RECORDS FOR THIS EXERCISE:
────────────────────────────────────────

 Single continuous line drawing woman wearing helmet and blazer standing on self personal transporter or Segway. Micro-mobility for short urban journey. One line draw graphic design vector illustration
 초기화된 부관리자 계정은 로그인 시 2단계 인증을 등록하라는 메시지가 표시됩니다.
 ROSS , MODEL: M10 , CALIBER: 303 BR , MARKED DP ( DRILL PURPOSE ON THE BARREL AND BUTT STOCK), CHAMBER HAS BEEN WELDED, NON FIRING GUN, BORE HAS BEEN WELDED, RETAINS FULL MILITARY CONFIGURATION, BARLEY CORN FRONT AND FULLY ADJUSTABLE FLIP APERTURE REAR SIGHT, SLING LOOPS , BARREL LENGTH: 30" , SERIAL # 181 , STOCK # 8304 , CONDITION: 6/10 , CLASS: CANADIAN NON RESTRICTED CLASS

────────────────────────────────────────

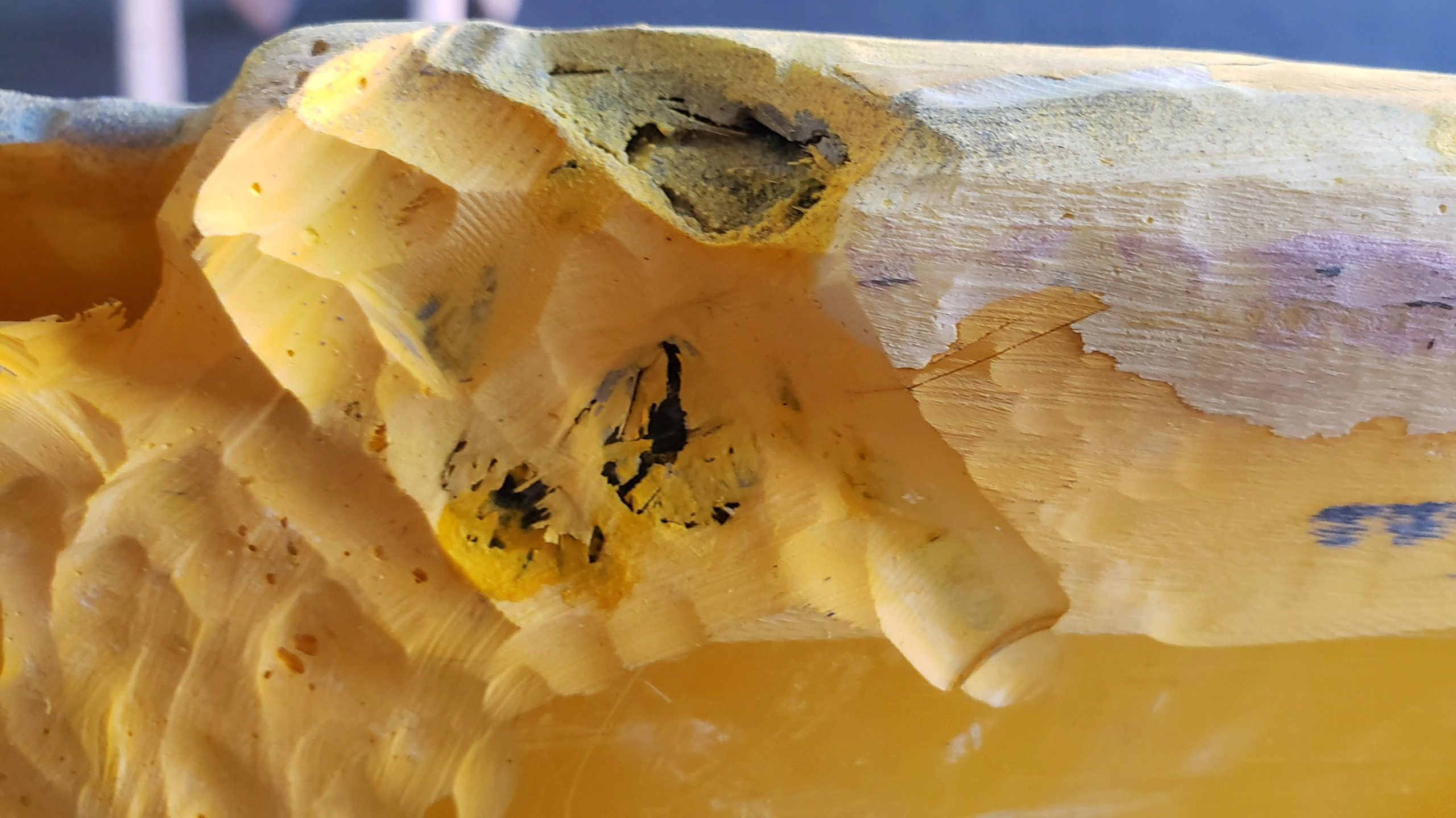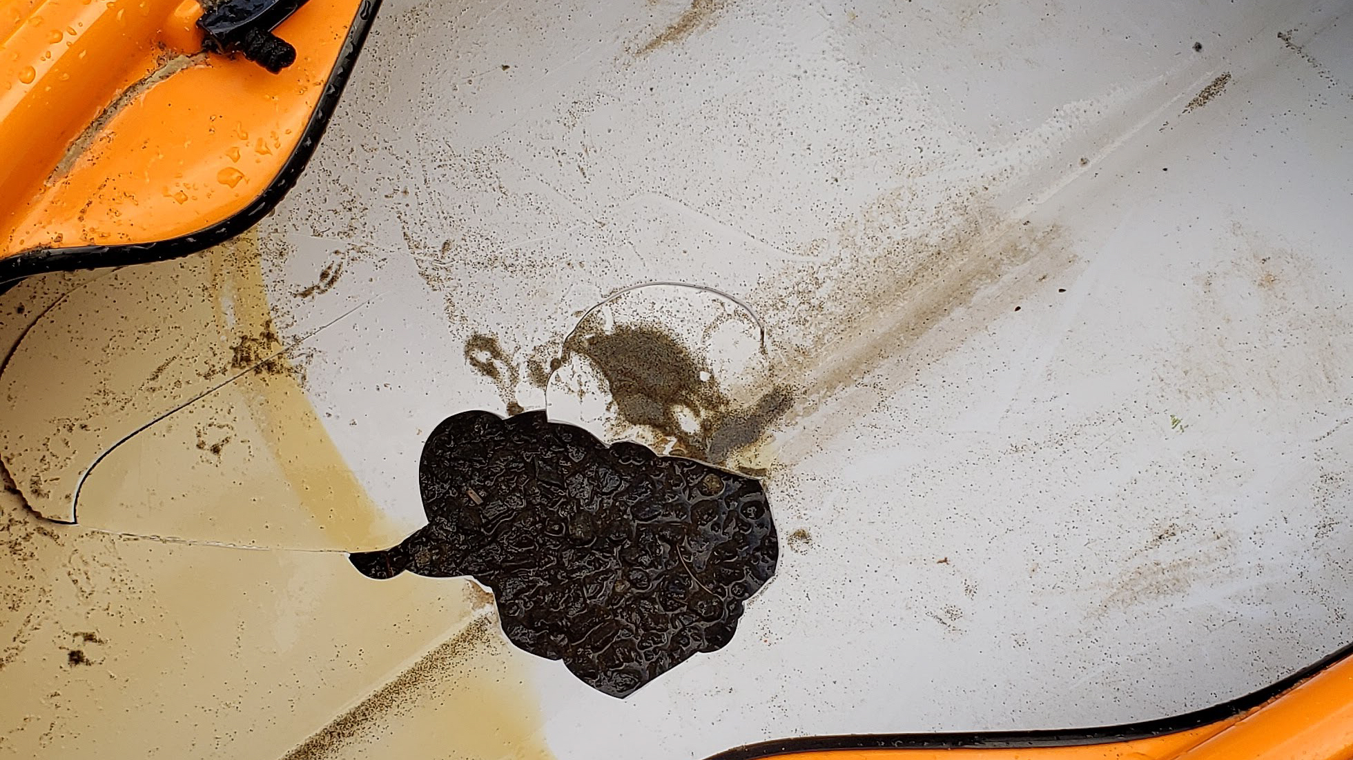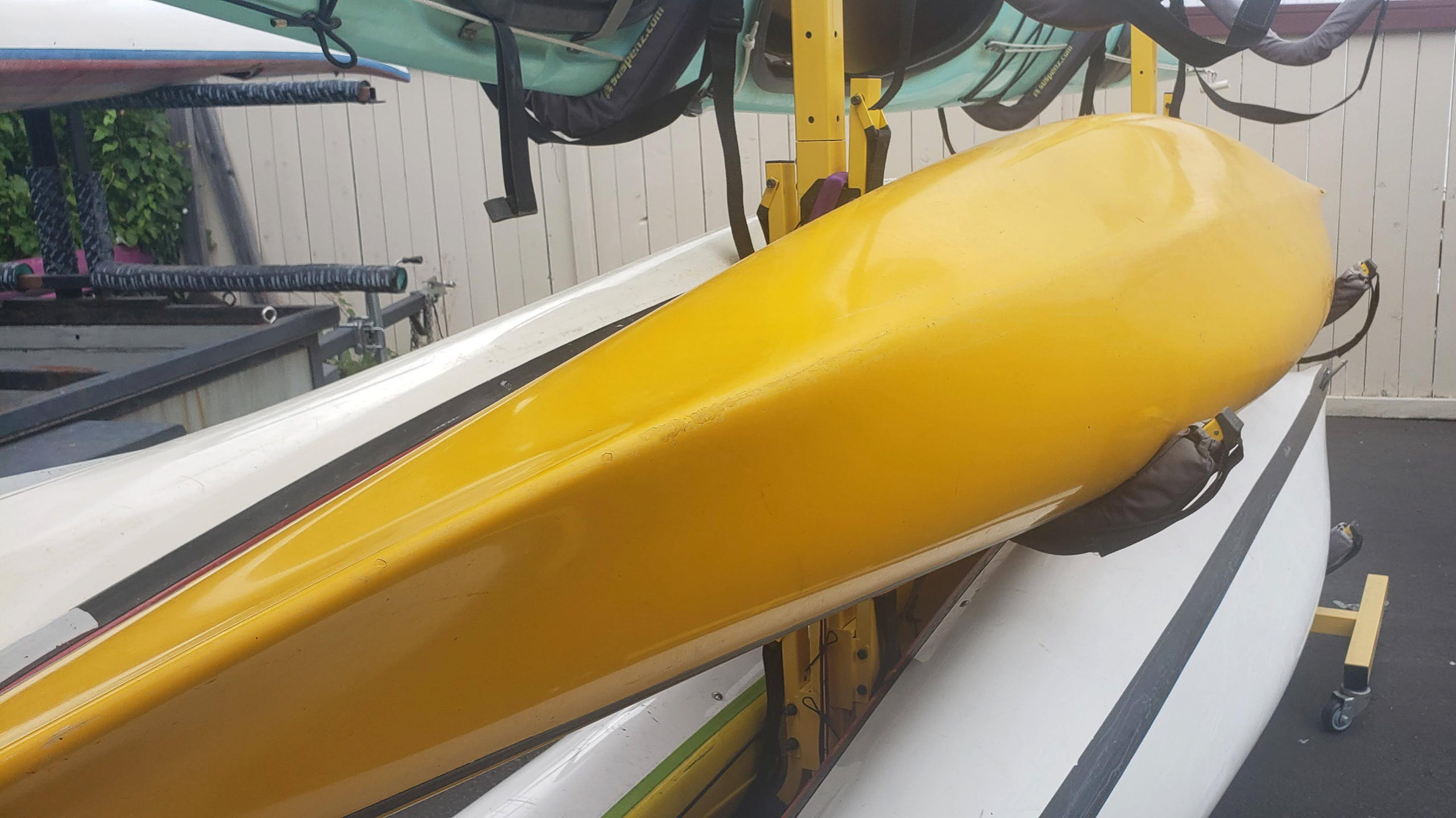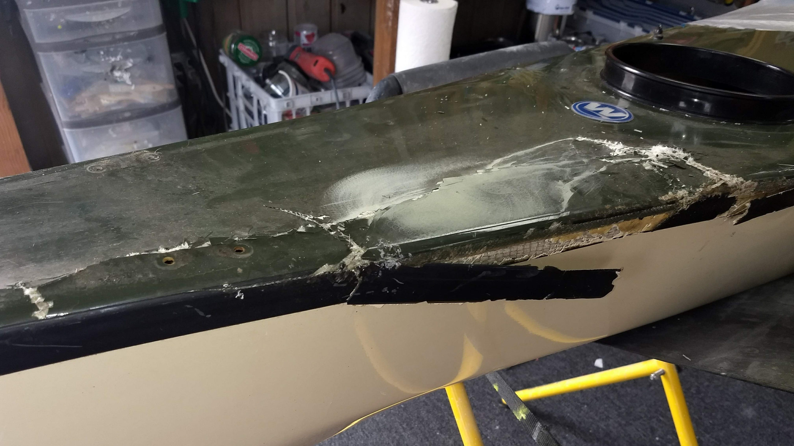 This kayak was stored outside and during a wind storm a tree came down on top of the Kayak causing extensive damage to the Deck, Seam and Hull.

────────────────────────────────────────

From the entries above, restate word for word the lines from the line containing "Single continuous line" to the line containing "초기화된 부관리자 계정은", both ends included, and nothing more.

 Single continuous line drawing woman wearing helmet and blazer standing on self personal transporter or Segway. Micro-mobility for short urban journey. One line draw graphic design vector illustration
 초기화된 부관리자 계정은 로그인 시 2단계 인증을 등록하라는 메시지가 표시됩니다.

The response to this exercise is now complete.